Updated: 2:07 p.m. Wednesday, Sept. 15, 2010 | Posted: 1:09 p.m. Wednesday, Sept. 15, 2010

Bay Area Suffers Through Record Cold Summer

SAN FRANCISCO —

While much of the nation baked under hot temperatures in August, the Bay Area was wrapping up one of its coldest summers in history, NOAA's National Climatic Data Center reported on Wednesday.

San Rafael, with an average summer temperature of 64.5 degrees, shivered through the coldest summer since records began being kept 60 years ago. Likewise, new records were set in Monterey (57.6 degrees) and at the reporting station on Mount Diablo in the East Bay (67.4 degrees)

Oakland, meanwhile, also was blustery with an average temperature of 62.3 degrees – the second coldest in history.
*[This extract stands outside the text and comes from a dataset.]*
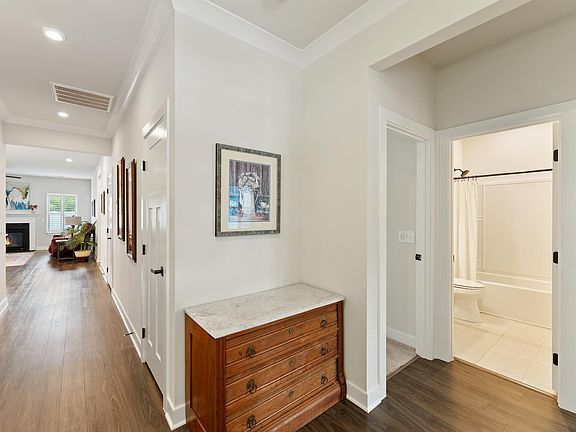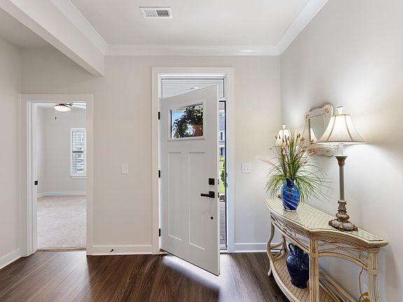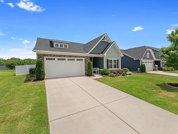 Welcome to your DREAM HOME located in one of the TOP 5 CITIES to live in the nation! This single level 3 bedroom, 2 bath home boasts several upgraded features that will make you never want to leave. As you walk through the front door, you'll notice the solid flooring throughout the main living areas, providing a modern and sleek look. The bedrooms are carpeted for added comfort and coziness. Step outside to the screened porch, the perfect spot to relax and enjoy the summer days in the south. And if that's not enough, a nearly new HOT TUB awaits you in the backyard, surrounded by a PRIVACY FENCE, LAWN IRRIGATION and beautifully landscaped yard. Inside, the UPGRADES continue with a beautiful CERAMIC TILE herringbone patterned backsplash adding a touch of elegance to the nicely appointed kitchen. Please note: the REFRIGERATOR conveys and the DISHWASHER is only 1 yr old. QUARTZ countertops and STAINLESS appliances are sure to inspire any home chef. The upgraded lighting, door and cabinet hardware, the primary bedroom TREY CEILING, and AMAZING TILED ROMAN SHOWER with two shower heads in the primary bath are total indulgence! Cozy up next to the GAS LOG fireplace on those chilly nights, or enjoy the stamped and stained screened porch flooring on a breezy afternoon. Your walk-in laundry is conveniently placed near the Primary Suite and comes equipped with the WASHER and DRYER which convey. You'll appreciate the added style and privacy afforded by over $5k worth of PLANTATION BLINDS have been installed throughout the home. Thrive living the Riverstone community life with amenities including but not limited to a sparkling Pool, Playground, Gas Fire Pit available year round, A gym, and tennis courts. There are plenty of activities, social gatherings, walking trails along the river SO MUCH MORE! Don't miss out on this move-in ready home. Call today for more information, a tour, or to make an offer. Your dream home awaits!

San Francisco, historically known for cold summers triggered by heavy coastal fog, had an average temperature of 59 degrees while San Jose was nearly nine degrees warmer on average at 67.6 degrees.

NOAA said that since late Spring the weather pattern across the United States has been stubbornly persistent.

A ridge of high pressure has kept temperatures soaring in the East while a low pressure system has been parked off the West Coast keeping temperature well below normal.

One of the few breaks in the cool gloom came on August 23rd when the weather trough shifted eastward, allowing a strong ridge of high pressure to build.

The combination of the warm air mass and light offshore winds sent temperatures soaring. Three locations sent records on Aug. 24th – downtown San Francisco, Monterey and Salinas.

But then the weather pattern changed again and the temperatures plunged once more.

Elsewhere, the year was on track to be one of the warmest on record, the weather service said.

The planet's average temperature for January-August was 58.5 degrees Fahrenheit (14.7 Celsius), tying the record heat set for that period in 1998, the National Oceanic and Atmospheric Administration said Wednesday.

While 1998 was the hottest year through the first eight months, 2005 is the hottest full year on record.

The National Climatic Data Center also reported:

--It was the third-hottest August on record with an average temperature for the month of 61.2 degrees F (16.2 C). The hottest August was 1998, followed by 2009.

--The meteorological summer -- June-August -- averaged 61.3 degrees F (16.2 C), making it the second-hottest summer on record worldwide behind 1998.

Meanwhile, a separate report from the National Snow and Ice Data Center said Arctic sea ice cover appears to have reached its minimum extent for the year and is the third-lowest extent recorded since satellites began measuring minimum sea ice extent in 1979.

Arctic sea ice covered an average of 2.3 million square miles (6.0 million square kilometers) during August. This is 22 percent below the 1979-2000 average extent and the 14th consecutive August with below-average Arctic sea ice extent, NOAA reported.

Melting sea ice is part of a pattern of changes atmospheric scientists attribute to global warming, which has been documented in rising temperatures over the last several decades.

Other changes include melting ice in Greenland and Antarctica, which can lead to rising sea levels, a decline in glaciers and changes in weather patterns around the world.

The new climate report noted that August was hotter than normal in eastern Europe, eastern Canada and parts of eastern Asia but cooler than average in Australia, central Russia and southern South America.

It was the hottest August since 1961 in China, but the coolest August since 1993 in the United Kingdom.